The Rangers had their top six of Ryan McDonagh, Dan Girardi, Marc Staal, Dan Boyle, Keith Yandle, and Kevin Klein entrenched. Raphael Diaz and Dylan McIlrath were neck and neck to become the team’s 7th defenseman, and Ryan Graves and Brady Skjei both flashed enough puck skill to become the top call-up options in case of injuries.
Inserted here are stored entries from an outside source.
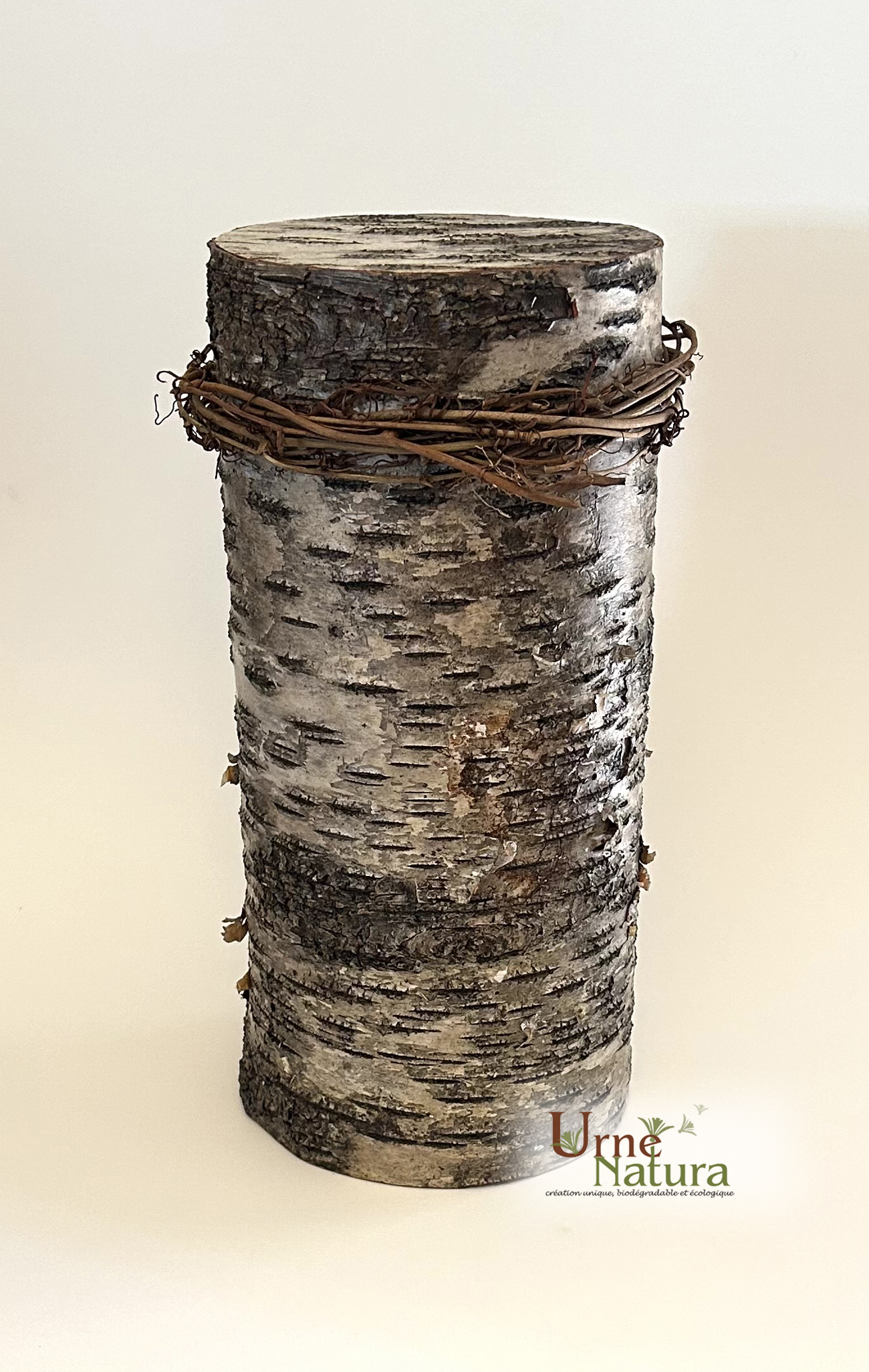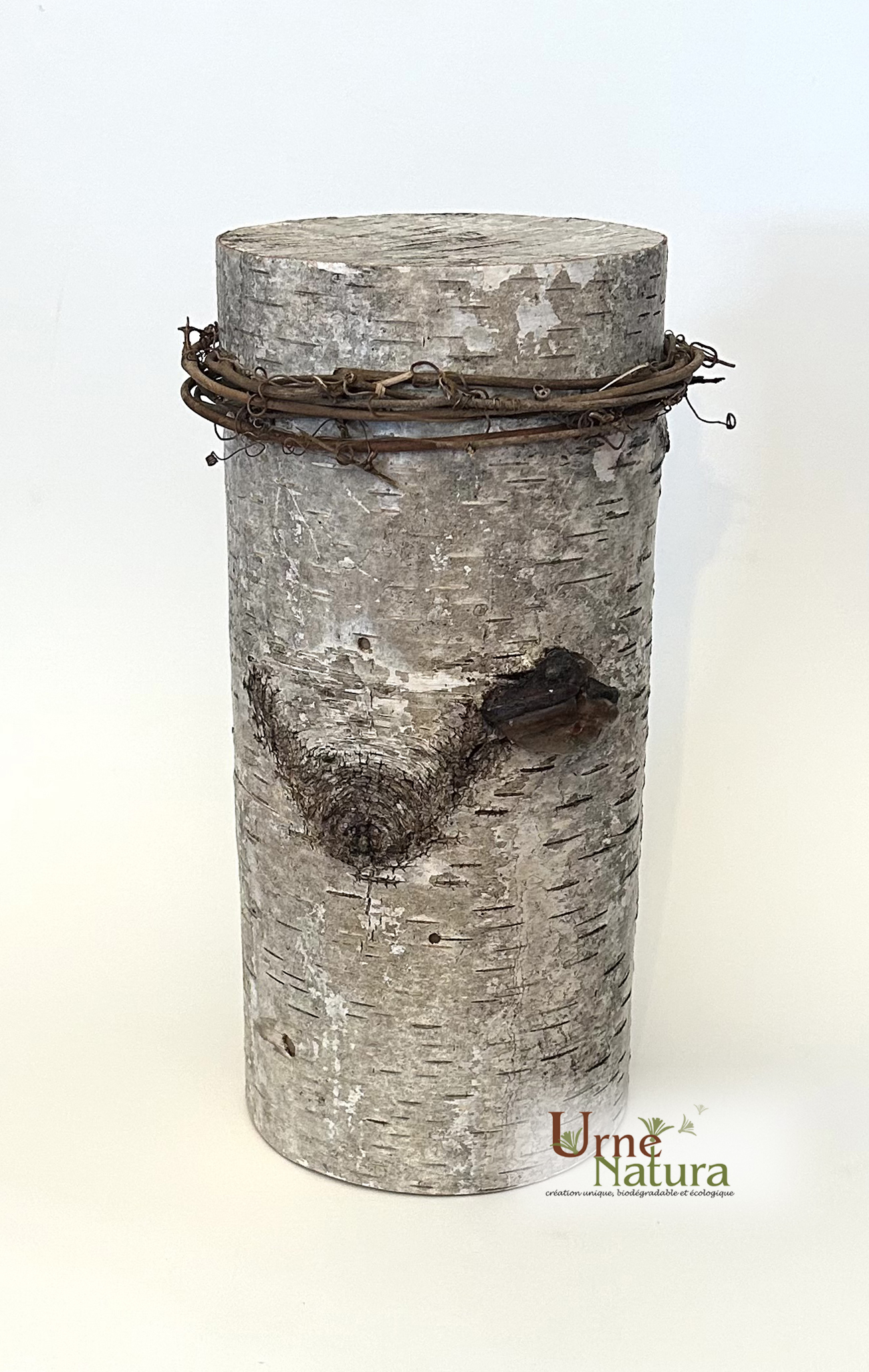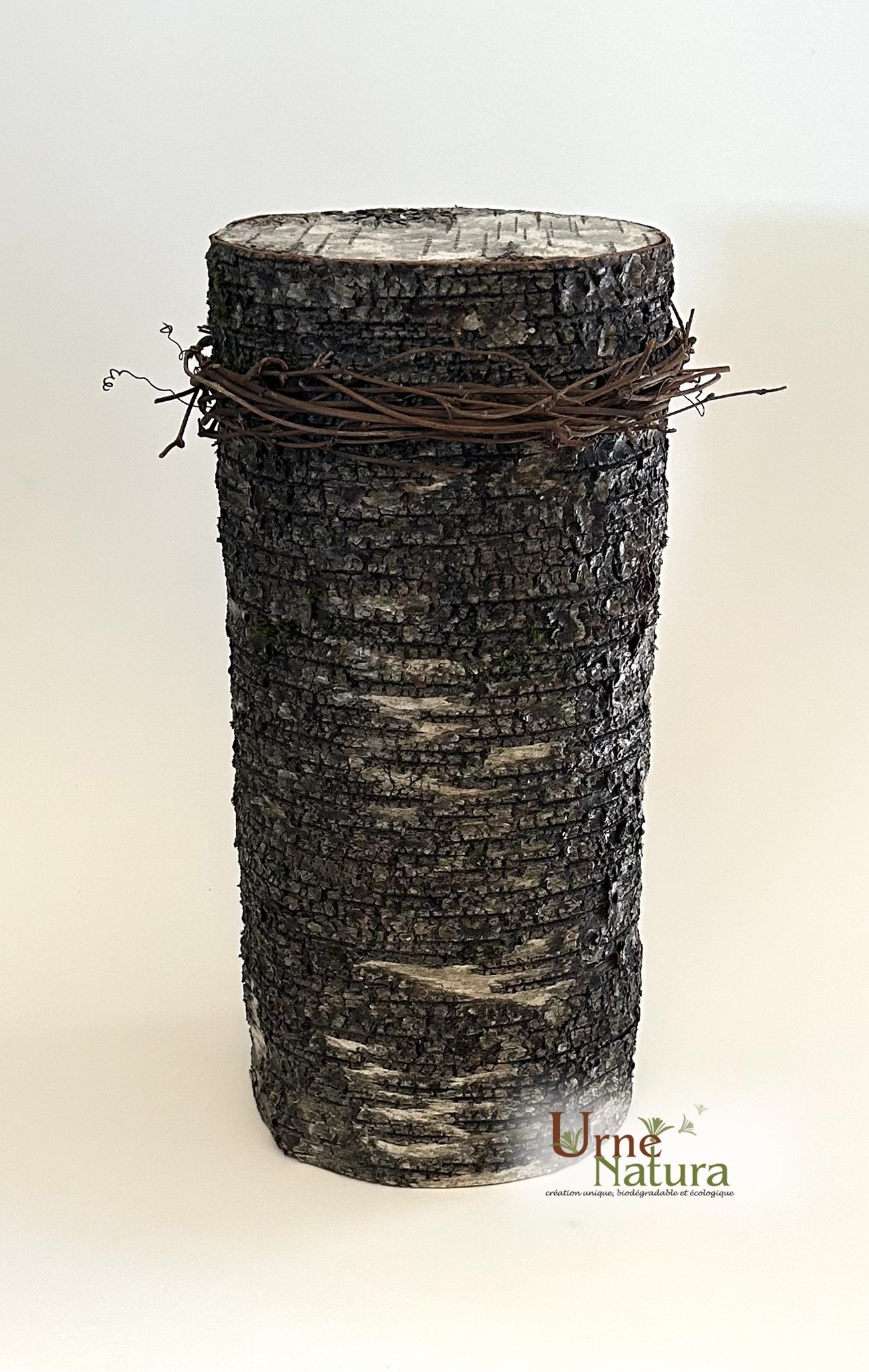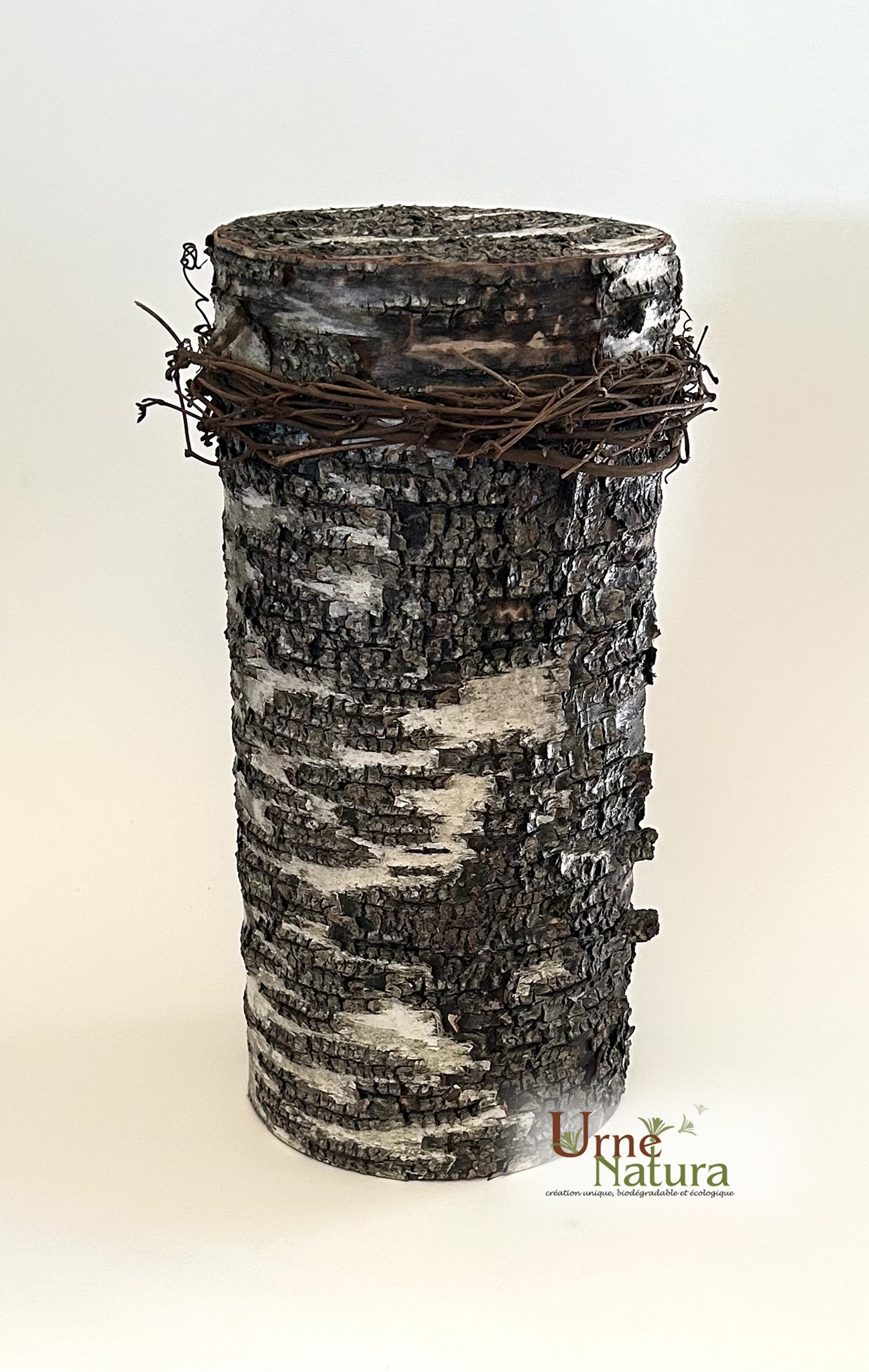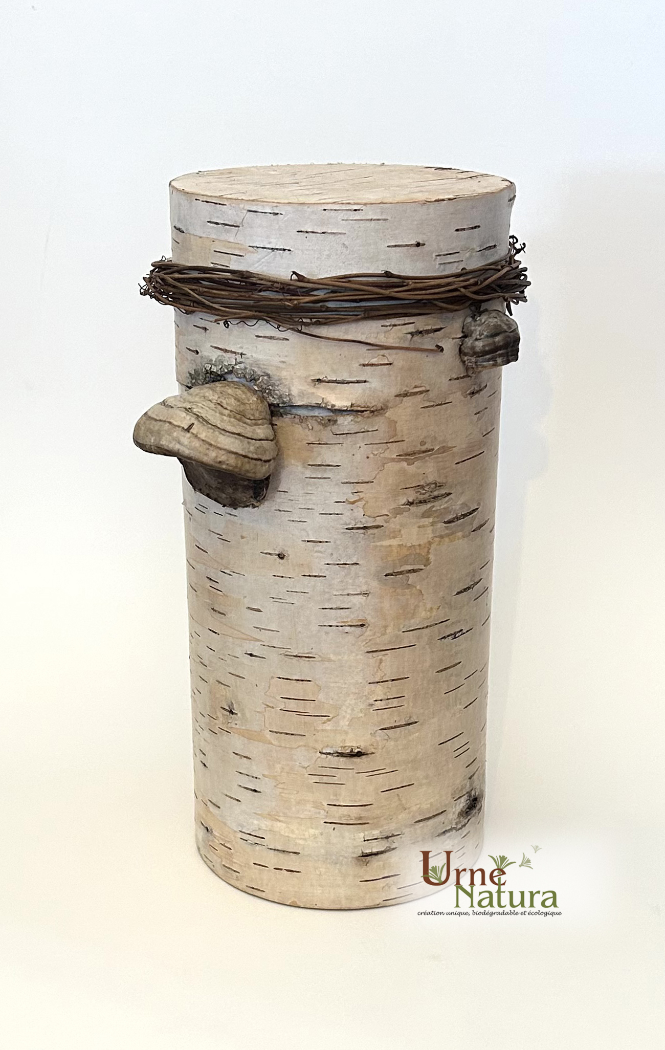 Urne de vie entièrement écologique et biodégradable composée de carton, de champignons, de mousses, de lichens, de vignes et d’écorces.
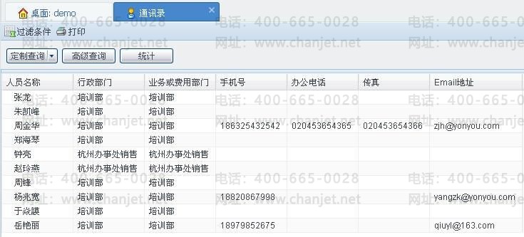 [过滤条件]:设置通讯录列表可供查询的属性。
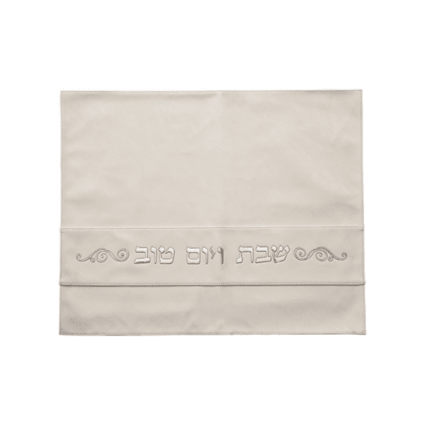 מפה לכיסוי חלה – דמוי עור שמנת וכיתוב כסף ‘שבת ויום טוב’ 42×52 ס”מ
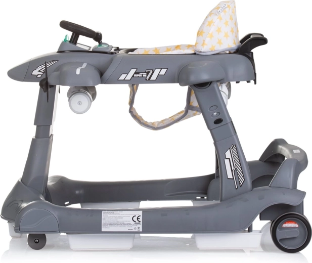 Interaktywny chodzik 3w1 CHIPOLINO Airplane Grey wspiera pierwsze kroki, równowagę i koordynację dziecka już od 6 miesięcy. Oferuje kolorowy panel dźwiękowy z zabawkami, szeroką, stabilną podstawę, 3 poziomy wysokości siedziska oraz możliwość przemiany w pchacz – samolot. Nie brakuje regulacji prędkości, blokady tylnych kół i zatrzasków bezpieczeństwa dla maksymalnej ochrony.
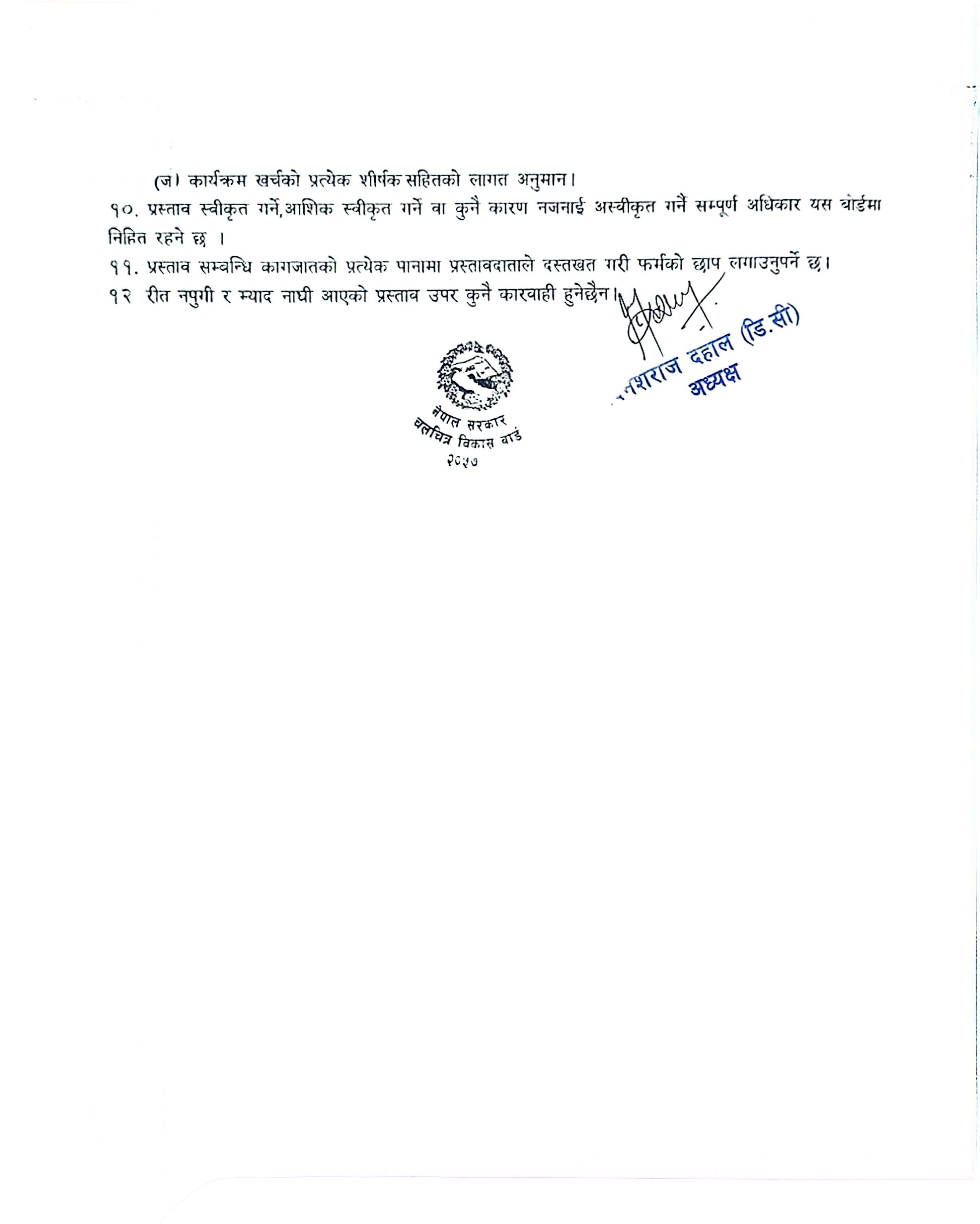 १०. प्रस्ताव स्वीकृत गर्ने,आशिक स्वीकृत गर्ने वा कुनै कारण नजनाई अस्वीकृत गर्नै सम्पूर्ण अधिकार यस बोर्डमा निहित रहने छ ।

As such, Bellemore only appeared in two games before being released and signing with the Providence Bruins of the AHL. Today, Bellemore is skating alongside former Rangers Wojtek Wolski, Magnus Hellberg, and Ethan Werek for HC Kunlun Red Star of the KHL.
Pre-2015: Johan Hedberg, Garnet Exelby, and Petr Nedved
Glen Sather opted against inviting any veterans to training camp in 2014, but New York’s former general manager brought in a familiar face from across the river before Alain Vigneault’s first season behind New York’s bench in 2013. After being bought out in the wake of New Jersey’s acquisition of Corey Schneider, the Rangers agreed to a professional tryout with The Moose, Johan Hedberg.
Martin Biron was attending to a personal matter at the onset of camp, but returned to the team before Hedberg appeared in a game for the Blueshirts. After being released from his tryout, Hedberg appeared in one game for New Jersey’s AHL affiliate in Albany before retiring. The Moose is still active in the NHL however, as he currently serves as a goaltending coach for the San Jose Sharks.
I don’t remember all of the circumstances surrounding the Exelby and Nedved PTO’s, but what I can recall doesn’t seem to be very positive. Over the course of his career in the NHL, Garnet Exelby recorded 50 points and a whopping 584 penalty minutes over parts of seven seasons before coming to the Rangers’ training camp in 2010. While the game of hockey has changed since then, it’s still difficult to imagine a player of his ilk being a legitimately capable NHLer at the turn of the decade. That seemed to be the consensus of the rest of the league, as Exelby didn’t earn a contract from the Rangers, and spent the next four seasons in the AHL before making the move to Europe for two more seasons before retiring.
As for Nedved, most will remember him for the trades he was involved in during his first two stints in Rangerstown. He initially arrived in a trade from St. Louis in the summer of 1994, and played one season on Broadway before being included in the infamous Segei Zubov deal. Nedved would return to New York via another trade, this time being swapped for Alexei Kovalev. After more than five seasons of statistical success during the team’s dark ages, Nedved was shipped off to Edmonton during New York’s 2004 fire sale. What some fans might not remember was his brief third stint with the team during the pre-season of 2008.
(There aren’t any clips of Nedved from 2008, so enjoy one from the Dark Ages)
Looking back on it after nine years, the Rangers’ 08-09 season was really weird. Their two leading scorers (Scott Gomez and Nik Zherdev) were ran out of town after the season concluded. Aaron Voros was a folk hero for the first month of the season. Markus Naslund was a Ranger and Mats Sundin almost joined him. The Rangers blew a 3-1 playoff lead to the Capitals of all teams.
What would have made it even weirder was if Petr Nedved cracked the roster out of training camp. The Czech forward actually approached the organization about joining the team, and Glen Sather obliged by handing him a professional tryout on the last day of July. Nedved actually performed reasonably well, notching two goals and an assist in three games before being cut and finishing his career in the Czech league.
To say that New York’s training camp tryouts haven’t worked out would be an understatement. Out of their five most recent players they’ve brought in on tryouts, none of them skated in a regular season game for the club. However, that shouldn’t dissuade Jeff Gorton from kicking the tires on some of the top available players. Despite the team’s lack of success with PTO’s in years past, all it would take is one successful one to shore up the team’s current depth issues.